The First English Translation of Hayao Miyazaki’s Favorite Childhood Book

But in another way, nothing is more striking than the story of a common teaching, the true subject of this book. The premise, or pivot, that justifies the philosophy is a series of exchanges between a young boy attractively named Cooper, and his intellectual uncle, who lives in the same Tokyo suburb that Cooper and his mother moved to after his father’s death for two years. earlier. Copper goes to school downtown, and one of the non-accidental pleasures in the book is his evocation of Tokyo in the 1930s, as in this view from the rooftop of a department store: “The carts looked like little toys, and their roofs were stained with rain. The cars too, and the road surface The asphalt and even the trees lining the road and all that was there was dripping wet and shining with bright daylight shining from who knows where.”
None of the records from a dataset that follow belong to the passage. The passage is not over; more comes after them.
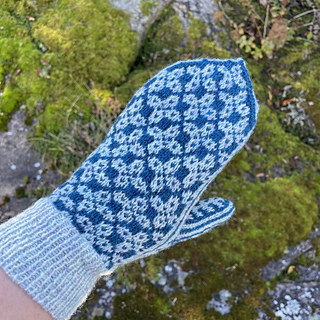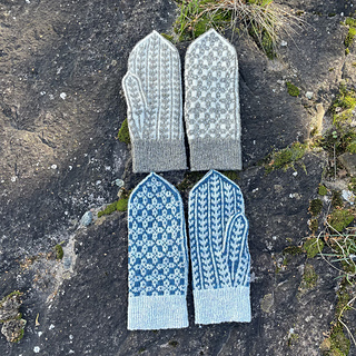 This is a pair of mittens in a thinner yarn. It’s perfect in the beginning of autumn when it’s a bit cold in the morning and you want something to warm your hands, but you are not quite ready to use your thicker mittens yet. It could also be used under another pair of mittens.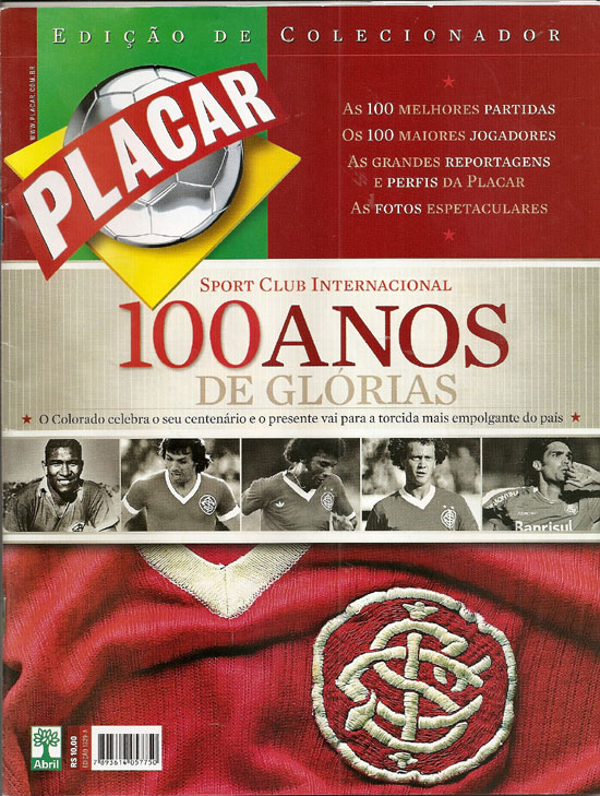 Uma das principais revistas de esportes do Brasil, a Placar, produziu uma edição de colecionador exclusivamente para o Centenário do Sport Club Internacional - está à venda nas bancas. Destaque para a chamada de capa (reprodução na imagem abaixo), que diz ?O colorado celebra seu centenário e o presente vai para a torcida mais empolgante do país?.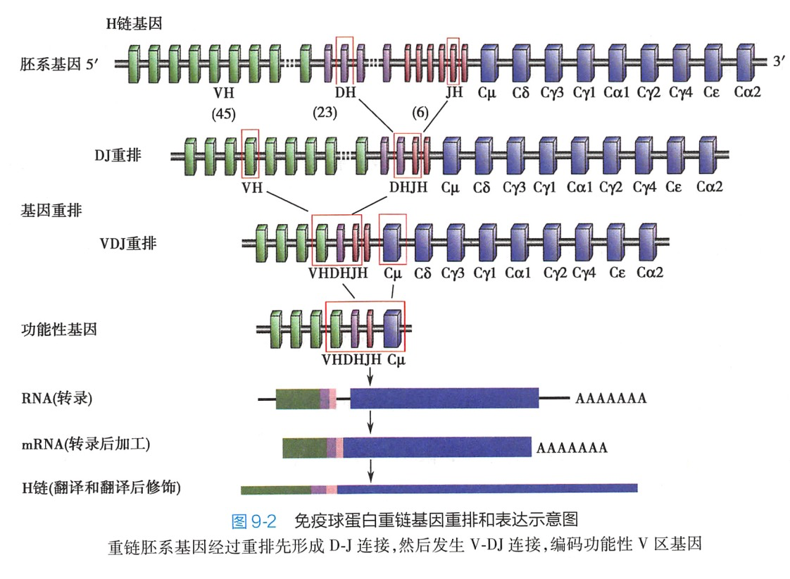 通过重组酶的作用,可以从众多的V(D)J基因片段中各选择1个V片段,1个D片段(轻链无D片段)和1个J片段重排在一起,形成V(D)J连接(图9-2),最终表达为有功能的BCR。Ig胚系基因重排的发生具有明显的程序化,首先是重链可变区发生基因重排,随后是轻链重排。经过Ig 胚系基因的重排,B细胞的DNA序列与其他体细胞有很大不同,这是存在于B细胞和T细胞中独特的生物学现象。

We learned that copper earned its nickname not from a mineral or color but from Polish astronomer Nicholas Copernicus, whose bravery in insisting on a heliocentric model of the solar system became a boy’s standard. (It is not clear whether the word “copper” has as much punctuation in Japanese as it does in English.) This lesson is a lesson given by his uncle, whose didactic discourses on many subjects occupy at least a third of the book, and serves as a sort of confrontational matter. Ordinary though accurately described the adventures of Copper in his school. As he reports to his uncle about these very normal events – friendships forged, teachers defied, bullies avoided – his uncle delves deeper into the bag of seemingly endless erudition, finding suitable examples for his nephew to take into account as his adolescence develops. These include the difference between the interests of consumers and producers; Molecular and atomic theory. the question of whether the heroism of Napoleon Bonaparte justified his sacrifice of French soldiers in Russia; And the controversy over the fact that the apple of Isaac Newton fell.

It all sounds…weird, not to say it’s probably boring. and here He is Weird, but boring, mainly because Yoshino gave the instructions a poignant emotional root. On his deathbed, we learn that Cooper’s father asked his wife’s younger brother to make sure his son became a “great man,” with a definition of greatness that was both humble and awe-inspiring: He wanted his son to be “a great example of a running man.” Thus his uncle’s philosophy, far from being random, is designed to teach the boy the values ​​of life. When copper thinks of molecular theory, it learns to see itself as an interchangeable part of a larger stream of life, to undress its selfishness, but lessons in global economics that come soon after also teach that every molecule depends on every other. we are nothing; We are everything.

One is put in mind, at times, for Antoine de Saint-Exupery, who wrote The Little Prince, and also, in a time of desperate war, using children’s literature to teach readers the necessity of pluralism and a separate love for others. The Western reader suspects that much of How Do You Live? It is similarly linked to the politics and despair of the left responding to the tragic rise of military imperialism in Japan. In the years immediately preceding World War II. (Yoshino was a long-time professor at Meiji University, imprisoned before the war as a leftist. The economic corridors here bear the imprint of his Marxism, usefully hybrid with Buddhist temperance and a love of Western science.)

Two things are clear in Yoshino’s tale: how complete the “westernization” of Japan was by 1937 and how complete it was. The main comic book portion includes an impromptu “broadcast” of baseball by Cooper. But the intense respect and courtesy that mark Cooper’s exchanges with his uncle feels very far from the world of Babe Ruth and Ring Lardner. Everyone in 1930s Japan is expected to know, somewhat shockingly, about Napoleon, but what they do know is his dignity in defeat.